Tuesday, March 8, 2011

Autism and the experts

When you want to learn more about something, naturally you go to the experts in that particular field. You talk to them, read what they say, read their studies - and in the process learn a lot. You may then think that you know a lot more about the subject.

Well, when you are interested in autism, and you follow this path, you may learn what the experts think about autism. You may learn a lot about what they think is wrong with autistic people. You may learn what they observe and hear what their conclusions are. But you will learn very little about the minds of autistic people. You will gain almost no insight in how we think and feel. You will not get an idea of the diversity within the autism spectrum and the uniqueness of every autistic person. You will be encouraged to see it as a disability instead of a difference.
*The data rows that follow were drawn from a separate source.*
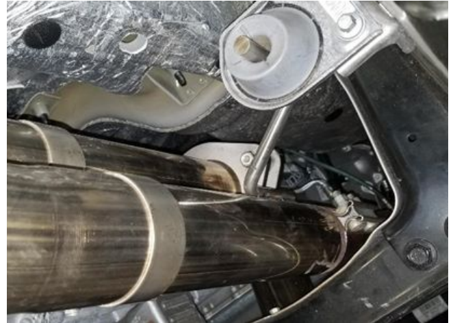
Detail 12: Inlet connection and X-pipe installed

18. After double checking for clearance and making sure all lines, wires and hoses are secured, drive the car for 10-20 miles and re-check all clamps and clearances. Your system may be tack welded at the joints/ clamps to reduce shifting of the system during heating and cooling cycles. Make certain to disconnect the battery before performing any welding.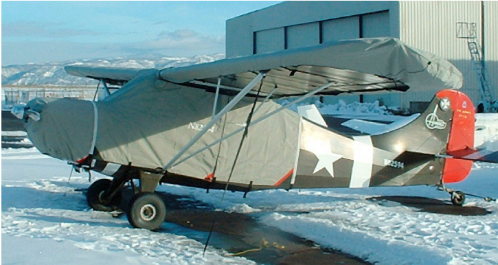
Extended Canopy Cover, Engine & Wing Covers

This cover type is made from Silver Acrylic Sunbrella canvas and is 100% lined with a soft and smooth microfiber. Bruce's Custom Covers developed this material combination especially for aircraft protection. The outer material is medium weight and treated for water resistance, UV resistance and anti-static buildup. The inner lining is a very soft and smooth microfiber to prevent scratching. The material is very reflective, and tests show that the cabin interior temperature can be reduced to near-ambient temperature on the hottest of days. It is water, ice and snow repellent, yet breathable to allow moisture to escape from between the cover and the aircraft surface.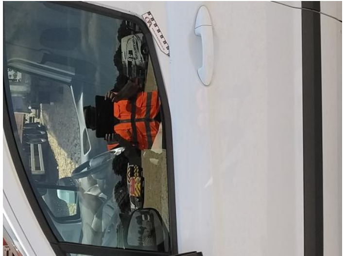
4: Door nsf Chipped Multiple Chips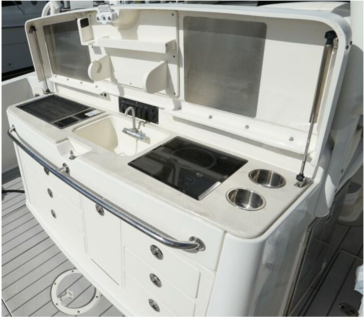
37' Boston Whaler TALAN'T 37 Stove And Grill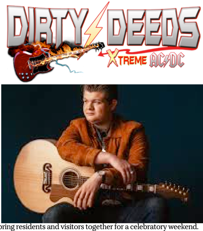
bring residents and visitors together for a celebratory weekend.

Loogootee Summerfest has become a staple in the community, offering a variety of entertainment, food vendors, and activities for attendees of all ages. This year’s event aims to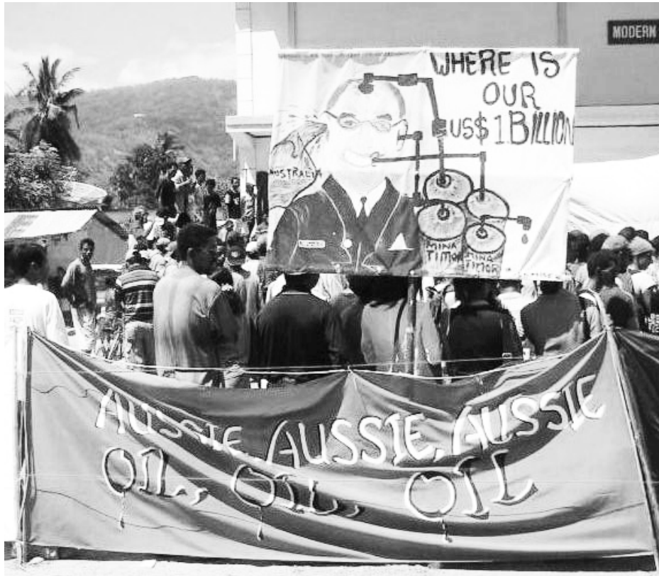
Dili, 2004: East Timorese people protest outside the Australian Embassy against the Australian government's theft of East Timor's oil resources. Australian intervention to "liberate" East Timor was aimed to secure its "right" to plunder the impoverished country's natural resources.

capitalist forces within China. This contest between the PRC left and the PRC right will shape not only China but indeed the whole world. The world's oppressed, not least the Tamil people, need the genuinely communist forces to triumph within the PRC. Part of the march towards that triumph will come through popularising the need for a foreign policy that is based on an alliance with the exploited and oppressed of the world. We therefore make the following appeal. Sister and brother Chinese masses: You have made much headway towards your liberation since you grabbed state power through your great Revolution 60 years ago. But here in the capitalist world – from Mexico to Sri Lanka to India to Australia - we are still suffering. We need your help – help us to achieve our liberation too! Drop your foreign policy of "non-interference"! We respectfully warn you too that unless you help us to rid ourselves of our oppressors, these same oppressors will gang up and eventually succeed in rolling back your revolution. And then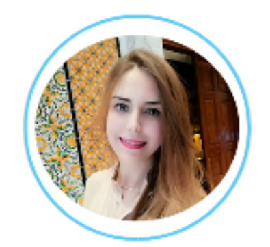
BlueMed Y.C. Ambassador In Tunisia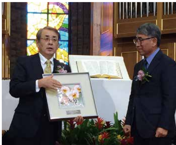
Shippoyaki (cloisonné) art was gifted to KBS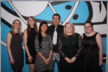
Members of the Cumbria Branch Dinner Organising Team. 2015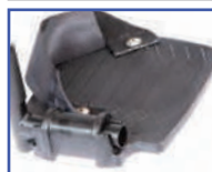
PR11100 Right Foot Plate with Heel Loop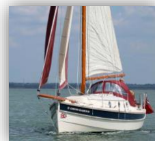
Chris and Sue on Creekability 2 approaching Beaulieu

I have to put a disclaimer here - I do think that most of the experts are really interested in autistic people, and wants us to have a good quality of life. I am not an expert-hater. But I am part of a large group of autistic people that feel we are not being heard or consulted, and it is frustrating.

I hope to share some of myself and my thoughts in this blog. It will be a challenge - I have so many thoughts, it is hard to condense some of them into words, and words that others may find interesting. But it is worth a try!